Volume snapshots allows you to initialize persistent volume claims with the contents of a preexisting volume snapshot. Use volume snapshots when working with large datasets or if you want to create development environments with real data coming from your production or staging environments.

Requirements

Follow this guide to enable Volume Snapshots in your cluster.

Use a storage class provisioned by a CSI driver that supports volume snapshots for the source persistent volume of your volume snapshots.

Using Volume Snapshots in your Development Environment

Okteto enables developers to initialize persistent volume claims with the contents of a pre-existing volume snapshot. The volume snapshot is created from a persistent volume claim and it can contain database backups, big files, images, a copy of your staging data, etc.

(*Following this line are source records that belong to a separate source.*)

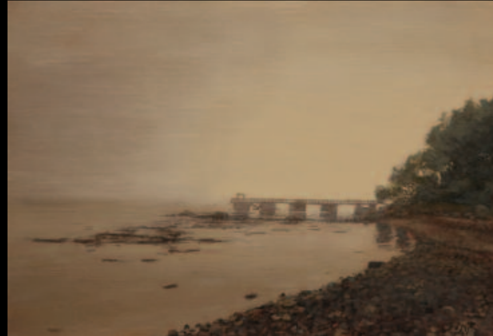
Pier in Fog, 2009, oil on panel, 7.5 x 10.5 inches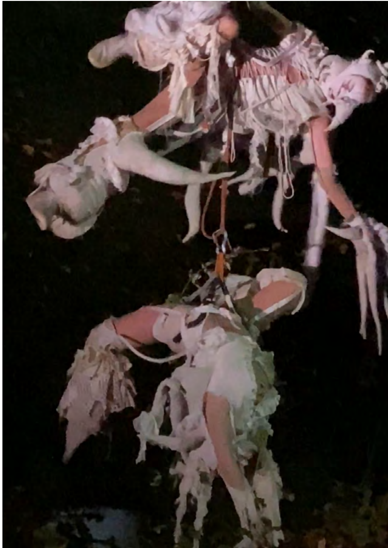
performance at quings academy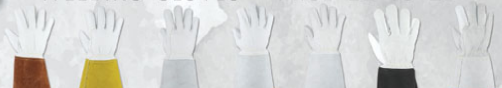
CG-402 CG-403 CG-404 CG-405 CG-405B CG-406 CG-407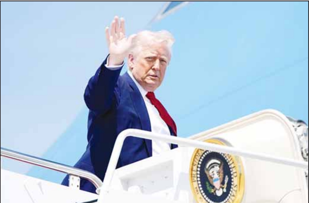
US President Donald Trump waves as he boards Air Force One, Tuesday, April 29, 2025, at Joint Base Andrews, Md.

Automakers and independent analyses have indicated that the tariffs could raise prices, reduce sales and make U.S. production less competitive worldwide. Trump portrayed the changes as a bridge toward automakers moving more production into the United States. “We just wanted to help them during this little transition, short term,” Trump told reporters. “We didn’t want to penalize them.” Treasury Secretary Scott Bessent, who spoke earlier at a White House briefing on Tuesday, said the goal was to enable automakers to create more domestic manufacturing jobs. “President Trump has had meetings with both domestic and foreign auto producers, and he’s committed to bringing back auto production to the U.S.,” Bessent said. “So we want to give the automakers a path to do that, quickly, efficiently and create as many jobs as possible.” Trump signed one order on Tuesday that amended his previous 25% auto tariffs, making it easier for vehicles that are assembled in the U.S. with foreign parts to not face prohibitively high import taxes. The amended order provides a rebate for one year of 3.75% relative to the sales prices of a domestically assembled vehicles. That figure was reached by putting the 25% import tax on parts that make up 15% of a vehicle’s sales price. For the second year, the rebate would equal 2.5% of a vehicle’s sales price, as it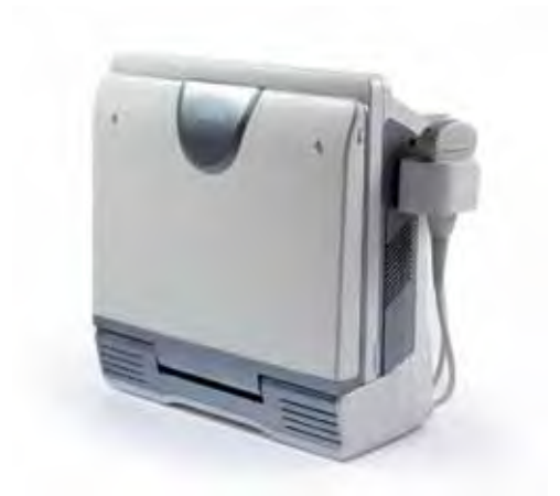
Compact and lightweight for enhanced mobility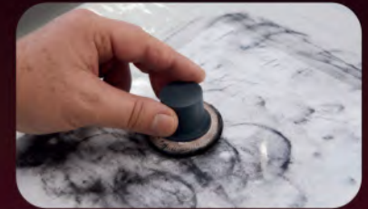
TONER PAD OPTION: 112160-4-9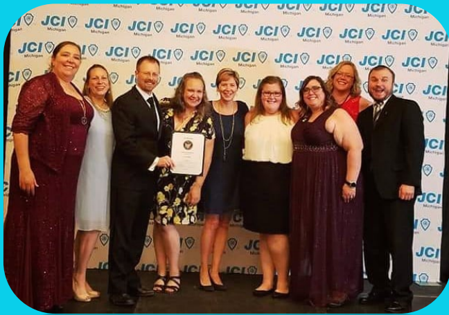
3rd place CLC

In order to use volume snapshots with your development environment you need to:

Creating the Source Persistent Volume

First, create the source persistent volume. This is the data that you want to be able to clone into your development environment. In the example below we use a database, but this could be anything that uses a volume for storage: databases, ML models, images, etc...

If the default storage class of your cluster doesn't support volume snapshots, make sure you set the storage class to one that is compatible when creating your persistent volume. Check the requirements section to learn more about the available storage classes in Okteto.

apiVersion: v1
kind: PersistentVolumeClaim
metadata:
name: mysql-pvc
spec:
storageClassName: csi-okteto
accessModes:
- ReadWriteOnce
resources:
requests:
storage: 10Gi

Creating a Volume Snapshot

After creating the source persistent volume, the next step is to create the Volume Snapshot. Volume snapshots are created with the content of the persistent volume at the time of creating the volume snapshot. Further updates on the persistent volume aren't reflected in the volume snapshot content.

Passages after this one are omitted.